- **Material shown**:
────────────────────────────────────────

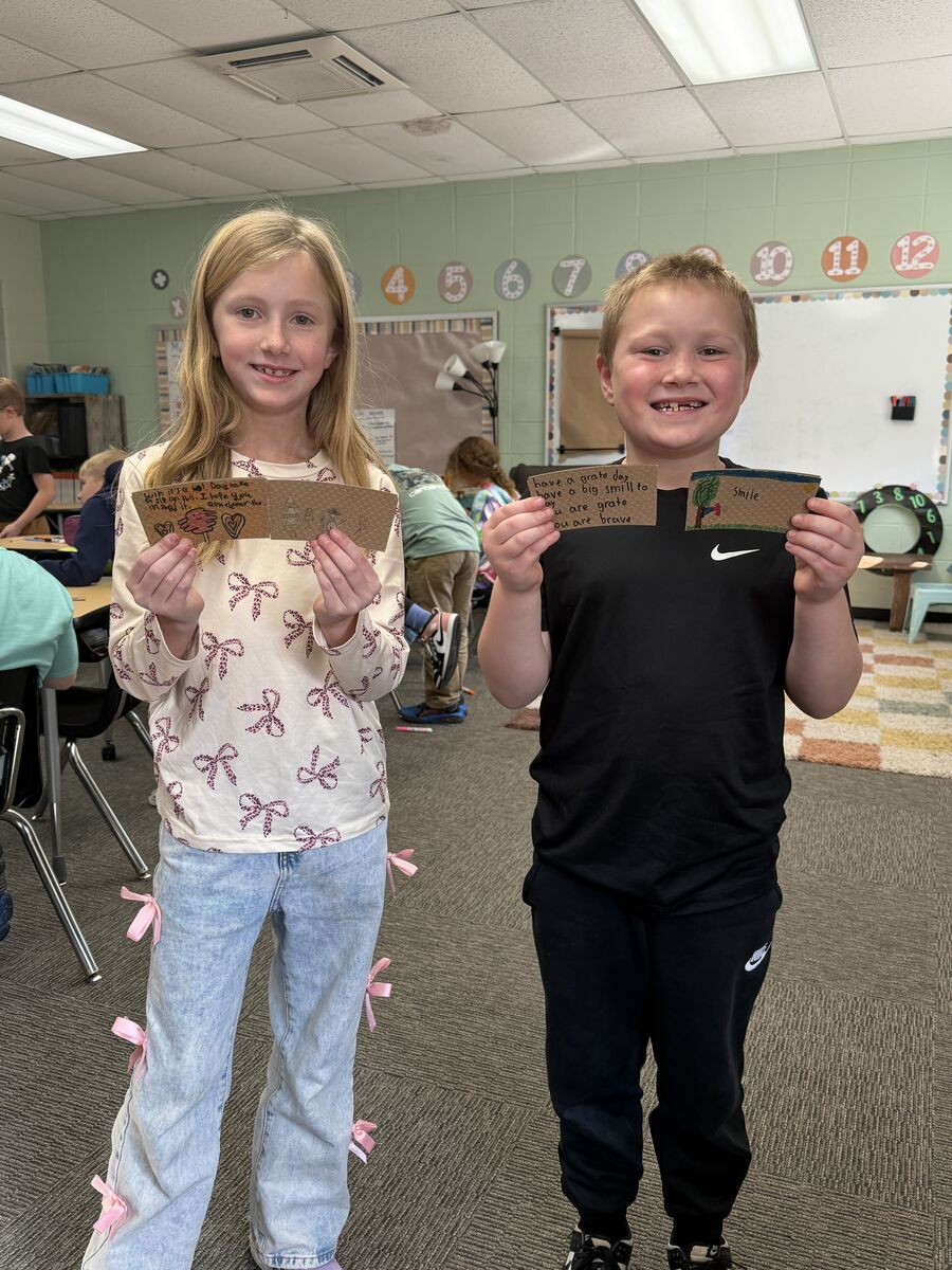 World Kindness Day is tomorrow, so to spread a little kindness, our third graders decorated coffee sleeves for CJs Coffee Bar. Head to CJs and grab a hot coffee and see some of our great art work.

────────────────────────────────────────

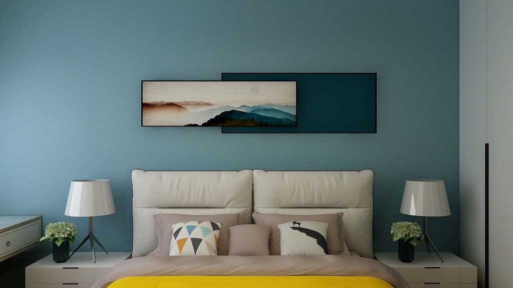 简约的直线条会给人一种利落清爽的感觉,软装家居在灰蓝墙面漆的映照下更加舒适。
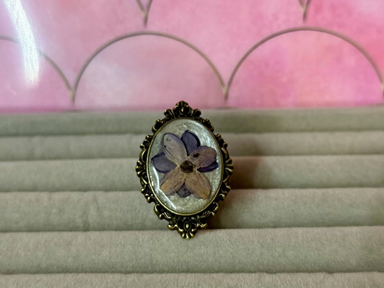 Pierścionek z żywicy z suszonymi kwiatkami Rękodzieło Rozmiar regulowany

────────────────────────────────────────

Pictures excluded, give again exactly and only the lines of the material above from the line with "简约的直线条会给人一种利落清爽的感觉,软装家居在灰蓝墙面漆的映照下更加舒适。" through the line with "Pierścionek z żywicy".

 简约的直线条会给人一种利落清爽的感觉,软装家居在灰蓝墙面漆的映照下更加舒适。
 Pierścionek z żywicy z suszonymi kwiatkami Rękodzieło Rozmiar regulowany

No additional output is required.